Abdelhakim Belhaj, chef du Conseil militaire de Tripoli qui disposerait d’une petite armée de fidèles, a réclamé jeudi soir « certains portefeuilles ministériels bien précis » dans le prochain gouvernement, dont la formation devrait être annoncée demain. Pour mener à bien la délicate transition après quatre décennies de règne sans partage de Mouammar Kadhafi, le Premier ministre Abdel Rahim al-Kib a affirmé que son gouvernement serait composé de technocrates. Mais c’était sans compter avec les pressions des tribus et des factions armées. Ancien chef du Groupe islamique combattant en Libye (GICL), M. Belhaj a appelé à un « gouvernement fort avec la collaboration de tous les thowar », ces civils qui ont pris les armes contre le régime de Kadhafi, répartis en dizaines de brigades qui n’ont pas été démantelées. « Il est dangereux de dire que le travail des thowar est fini » maintenant que le régime de Kadhafi est tombé et que le pays est « libéré », a-t-il ajouté d’un ton menaçant.
L’un de ses rivaux, Abdallah Naker, chef du Conseil des thowar de Tripoli, a réuni jeudi soir des commandants de plusieurs régions du pays pour dénoncer la nomination dans l’est du pays d’un chef d’état-major pour la nouvelle armée, qui attend toujours d’être officiellement reconstituée. Dans la matinée, environ 150 officiers et sous-officiers de l’ancienne armée libyenne, ralliés à la rébellion, s’étaient réunis à al-Baïda pour approuver à l’unanimité la nomination de Khalifa Haftar comme chef d’état-major et annoncer la « réactivation » de l’armée. Rassemblés en ce qu’ils ont appelé « l’Union des thowar de Libye », les participants à la réunion autour de M. Naker ont réclamé le report de la nomination d’un chef d’état-major jusqu’à ce que le nouveau gouvernement soit formé. À la tête lui aussi de quelques milliers de combattants et originaire des montagnes de Nefoussa, Abdallah Naker a également réclamé que les thowar aient une place dans le prochain gouvernement.

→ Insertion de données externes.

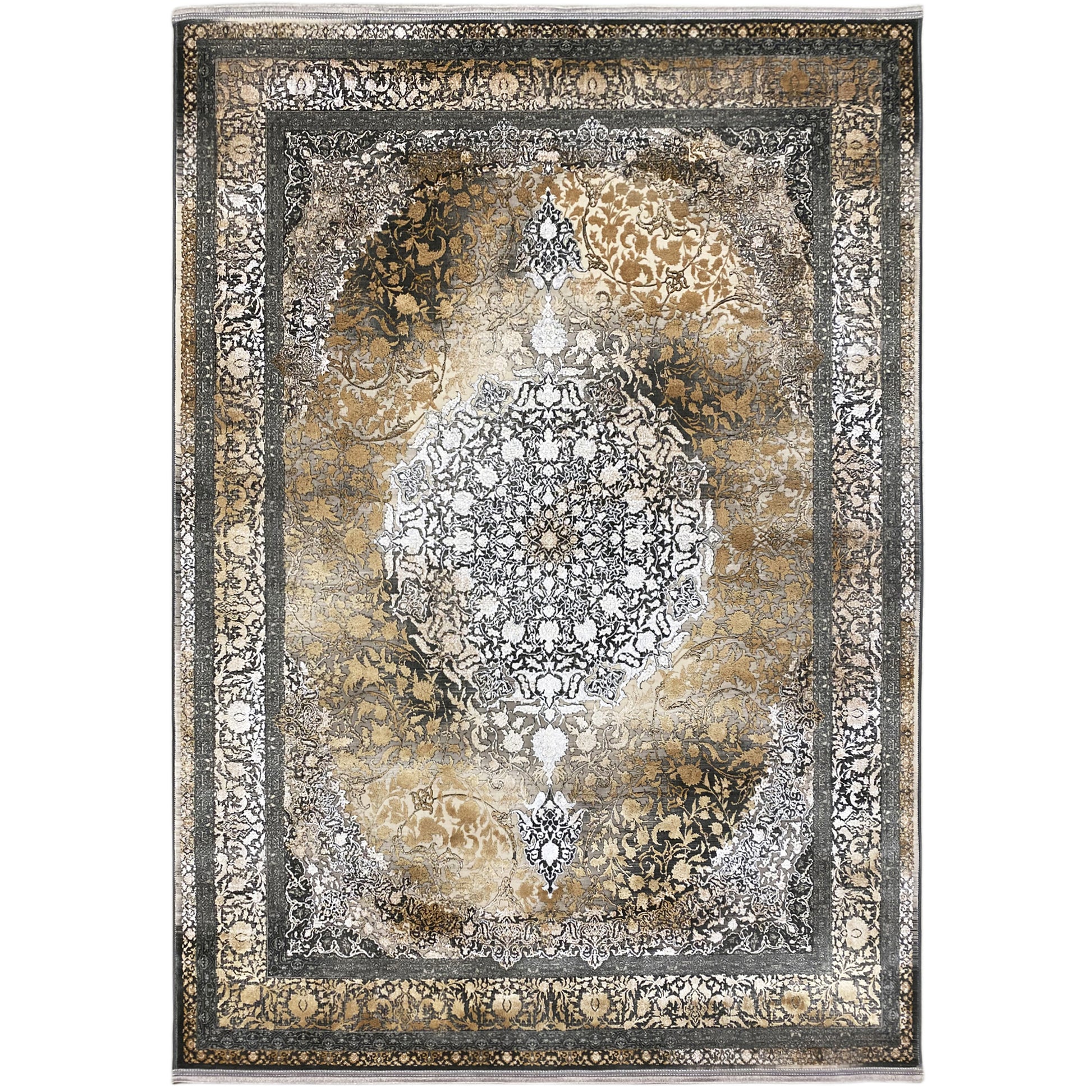 Verleihen Sie Ihrem Zuhause einen Hauch von Vintage-Eleganz mit diesem wunderschönen modernen Klassiker-Teppich. Sein kunstvolles zentrales Medaillon hebt sich von einem atemberaubenden rauchgoldenbraunen Hintergrund mit einem dezenten Farbverlauf und einem Used-Look ab. Gefertigt aus 100% hitzebehandeltem Acryl, ist dieser weiche und strapazierfähige Teppich perfekt für stark frequentierte Bereiche und verbindet luxuriösen Stil mit moderner Widerstandsfähigkeit. Die großzügige Größe von 170x240cm ist ideal, um Ihrem Wohn- oder Schlafzimmer einen raffinierten Blickfang zu verleihen.
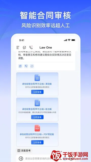 LawOne安卓免费版是款超实用的法律行业软件。它能提供一站式智能法律服务,解决各种法律问题。不管是家庭法、合同法还是劳动法等领域,都能获得专业支持。操作简单,打开应用就能找律师咨询。还有智能匹配律师功能,能根据案件诉求精准找到全国合适律师。能满足多场景咨询需求,快速帮用户解决问题,找到适合的服务方案。使用时,先确认用户协议,再浏览核心功能,按需选择。上传文件选拍摄或相册方式,申请存储权限。在首页底部输入框咨询法律问题。软件还支持定制合同,利用AI起草文书,获取全国优质律师资源,提供24小时服务随时在线咨询。更新内容不断优化,如新增类案检索模块等,真的很方便!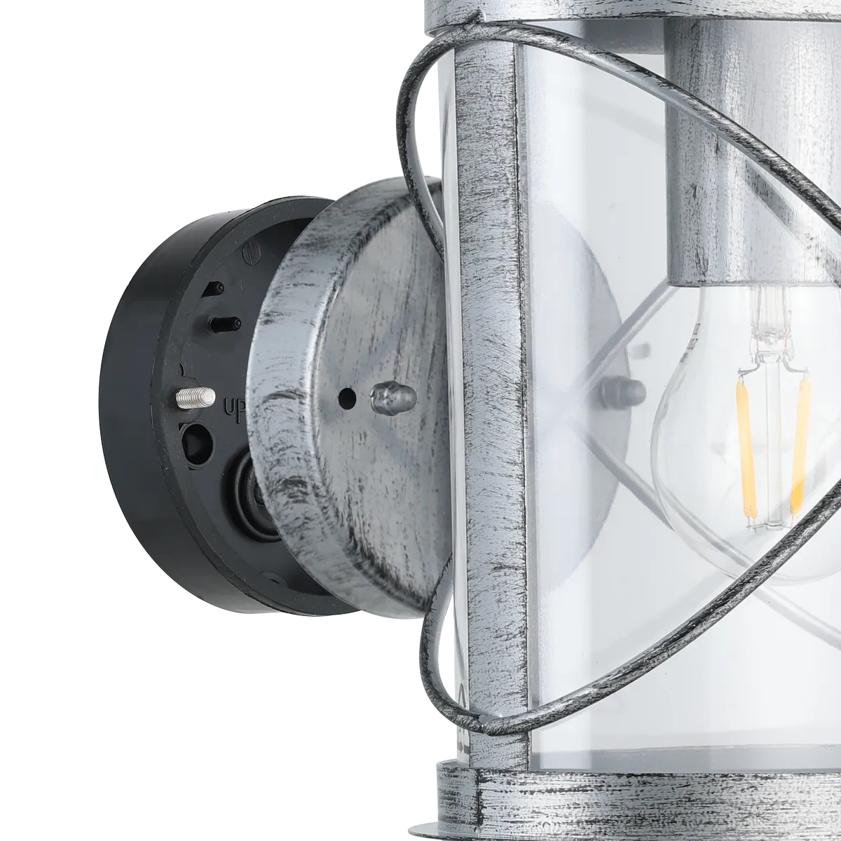 Aplică HILBURN 1 94866 E27 1x60W IP44 oțel zincat argintiu învechit. Produs marca Eglo, disponibil în România.

Congrès public des Frères musulmans
Outre les anciens combattants rebelles, les islamistes, durement réprimés sous l’ancien régime, représentent comme dans les autres pays du printemps arabe la force politique montante et la plus organisée du moment en Libye. Les Frères musulmans libyens ont ouvert jeudi soir à Benghazi, berceau de la rébellion, leur premier congrès public dans le pays depuis près de 25 ans. « C’est un jour historique pour nous et pour le peuple libyen », a déclaré Souleimane Abdel Kader, le chef de la confrérie en Libye. La confrérie assure promouvoir un islam modéré et se dit prête à partager le pouvoir dans le cadre d’un État démocratique. « Nous voyons dans l’islam le fondement de la liberté, de la justice et de l’égalité », a insisté M. Abdel Kader.
Sur un autre plan, des centaines de partisans de Kadhafi « ont fui la Libye vers le Sahel avec des armes et des munitions », a affirmé hier à Tanger (nord du Maroc) l’ancien ministre libyen des Affaires étrangères Abdel Rahman Chalgham. Il a en outre accusé le Qatar de fournir des armes et des fonds aux islamistes libyens, intimant à l’émirat du Golfe de cesser toute ingérence dans les affaires intérieures de Tripoli.
Au niveau international, l’Assemblée générale des Nations unies a adopté à une écrasante majorité la réintégration de la Libye au Conseil des droits de l’homme, après sa suspension en mars quelques mois avant la chute de Mouammar Kadhafi. « Le peuple de Libye s’est débarrassé du tyran et a entamé un processus politique pour établir un État démocratique qui respecte les droits de l’homme et les libertés fondamentales », a souligné l’ambassadeur adjoint libyen, Ibrahim Dabbashi, devant l’assemblée. Au total 123 pays ont voté pour la résolution, quatre ont voté contre, le Nicaragua, le Venezuela, l’Équateur et la Bolivie, et six se sont abstenus. La Libye avait été admise au Conseil des droits de l’homme en 2010.